For Fall 2025 the Genetics lab will be used as a potential Final Project.

Before submission of your report, you should be sure to review the Project Policy page.

• Canvas: Final Project

On Canvas, be sure to submit both your source .ipynb file and a rendered .html version of the report.

• Your report is due on Tuesday, December 16.

Background

Cancer detection is an unfortunate but important reality. Early detection can significantly improve survival. One consistently researched possibility is the use of genetic information to push detection earlier and earlier. The BRCA mutation is an example of a simple genetic screening that can help better estimate the probability of developing breast cancer.

Downstream of DNA itself, gene expression can give insight into the effects of DNA on phenotypical outcomes.

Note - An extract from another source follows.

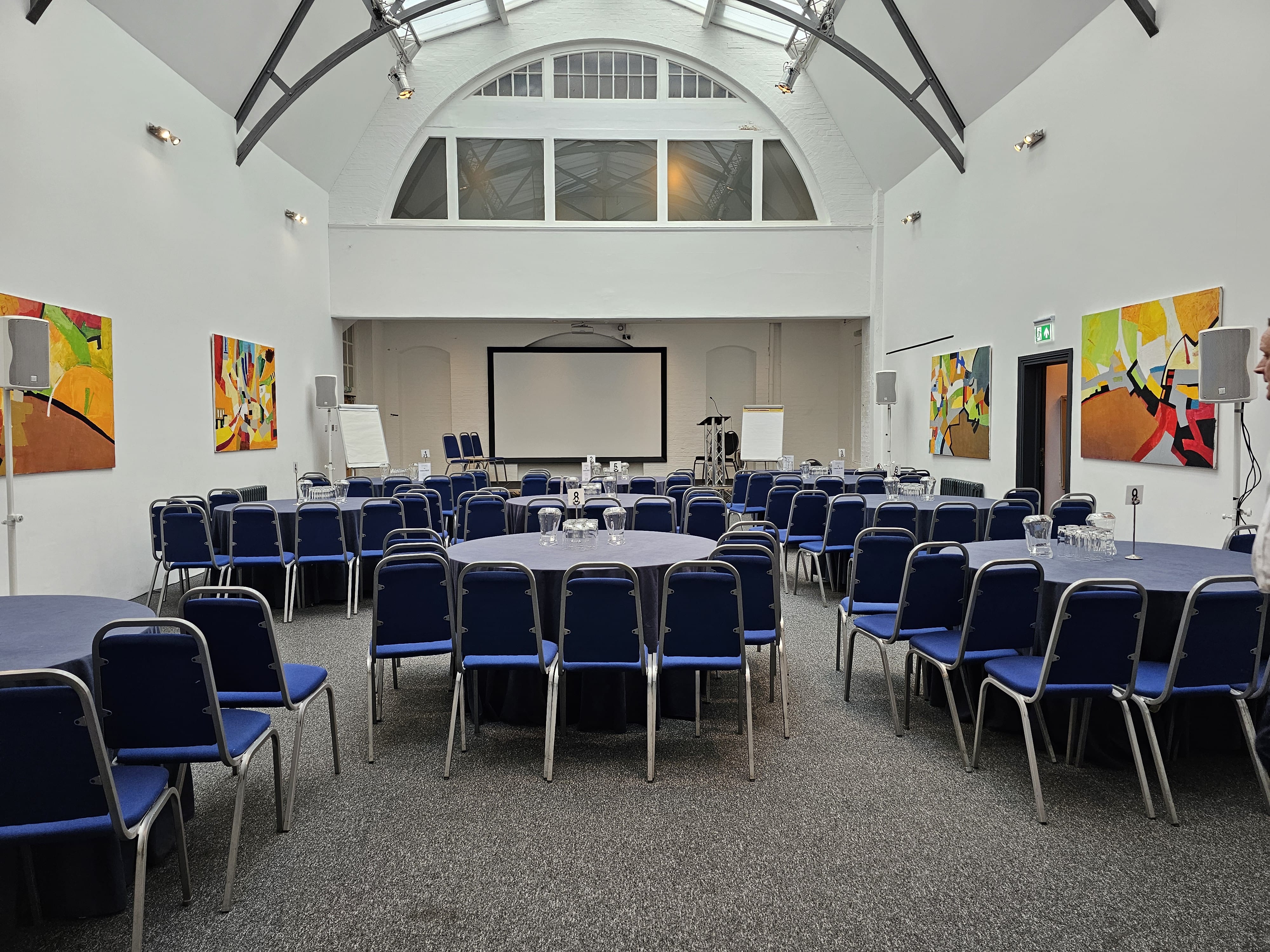 Every room inside Mary Ward House brings its own creative touches, but the Brewer & Smith Room is perhaps the most unique. Delivering an exceptional level of natural light and spectacularly high ceilings, it’s nestled within the lower ground floor of the building, creating a singularly quirky conference venue in London. Hardwood parquet floor lends the room a prestige air that harkens back to the building’s 19th century roots, but it is undoubtedly the ceiling that will enduringly capture your attention. Though on the lower ground roof, the ceiling of the Brewer & Smith Room arches gracefully across the width of the room. Windows set along the centre allow sunlight to pour in from above, with dramatic metal rafters complementing the pure white of the room’s walls

Next-generation sequencing is a constantly evolving set of technologies that can measure gene expression. As these technologies become cheaper to use, and more readily available, they can potentially be used as part of the process of detecting and identifying cancers.

Scenario and Goal

Who are you?

• You are a data scientist working for a small biotechnology startup.

What is your task?

• You are asked to begin to explore the possibility of developing a “universal” cancer detection and classification model, given gene expression data collected via next-generation sequencing such as RNA-Seq. Your goal is not to create a product that is immediately useful, but instead, to simply work towards a proof of concept.

Who are you writing for?

• To summarize your work, you will write a report for your manager, which in this case, is the CEO and founder of the startup. You can assume your manager is very familiar with biology and related technologies, and reasonably familiar with the general concepts of machine learning. They have worked with groups who have placed machine learning models into practice in the past.

Data

To achieve the goal of this lab, we will need gene expression and clinical outcome data. The necessary data is provided in the following files:

• Full Data: genetics.parquet

Source

The underlying source of this data is the The Cancer Genome Atlas Pan-Cancer Analysis Project. The data was accessed via synapse.org.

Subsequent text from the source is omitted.